Although the conductive layers 24 and 26 belonging to the adjacent cells are also shown in FIG. 2, as is apparent from FIG. 2, not only in the same cell but also in the adjacent cells, they are adjacent to each other. A conductive layer corresponding to one of the source / drain regions and a conductive layer corresponding to the other are formed in different layers via an interlayer insulating film.

It should be noted that the conductive layers 24, 26 are shown large enough in FIGS. 1 and 2 and may actually be smaller. Further, the conductive layer 26 is formed by the third-layer polycrystalline Si layer, but the third-layer polycrystalline Si layer may be used in the data holding unit 15 as well. There is no particular increase.

In this embodiment, since the cells can be downsized not only in the direction orthogonal to the word line 21 but also in the direction along the word line 21, the degree of integration of the cells can be greatly increased.

In addition, since a margin for patterning can be provided in the extraction portion of the bit lines 36 and 37, it is possible to expect an improvement in yield and an improvement in reliability.
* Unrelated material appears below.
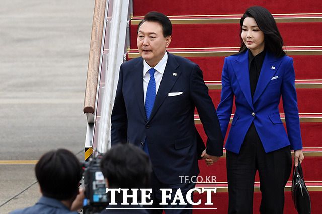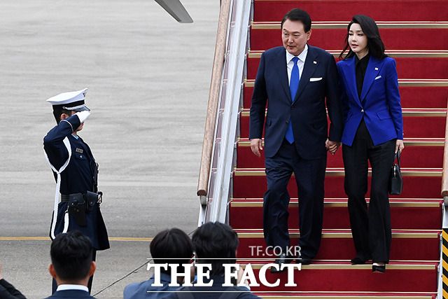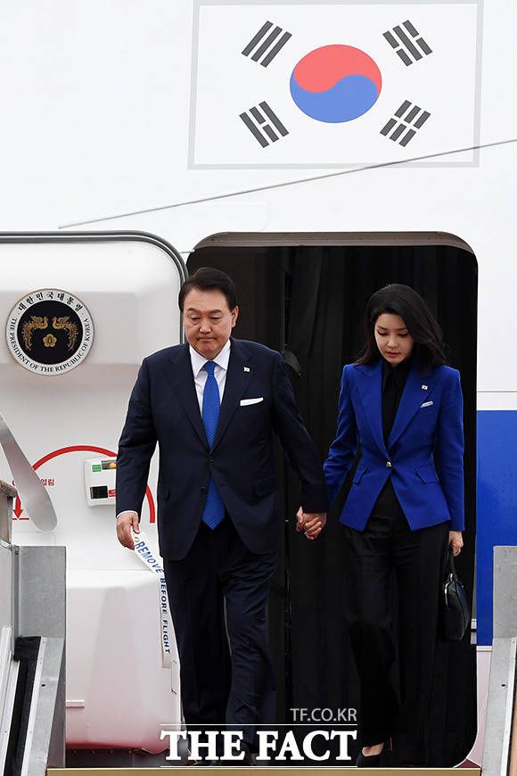 [더팩트ㅣ성남=남용희 기자] 윤석열 대통령과 부인 김건희 여사가 주요 7개국(G7) 정상회의 일정을 마치고 21일 오후 경기도 성남시 서울공항을 통해 귀국하고 있다.

In addition, although the above-mentioned embodiment applies the present invention to the high resistance load type MOS-SRAM, the present invention is applied to the high resistance load type MOS-SRAM.
It can also be applied to other semiconductor devices.

〔The invention's effect〕

In the semiconductor device according to the present invention, the margin required for the electrical connection region for aligning the wiring layers may be small,
Moreover, since it is not necessary to secure a planar space between the conductive layers, high integration is possible.

[Brief description of drawings]

1 and 2 show an embodiment of the present invention. FIG. 1 is a sectional view taken along the line II of FIG. 2, and FIG. 2 is a plan view. FIG. 3 is a plan view showing a conventional example of the present invention. In the reference numerals used in the drawings, 16a, 17a ... Source / drain regions 24, 26 ... Conductive layer 32 ... Interlayer insulating film 36, 37 ... Bit line.

Claims (1)

[Claims] 1. A conductive layer and a wiring layer are stacked for each of a plurality of electrical connection regions, and the electrical connection region and the wiring layer are electrically connected via the conductive layer. In the semiconductor device, the conductive layer corresponding to one of the electrical connection regions adjacent to each other and the conductive layer corresponding to the other are formed in different layers via an interlayer insulating film. A semiconductor device characterized by being formed.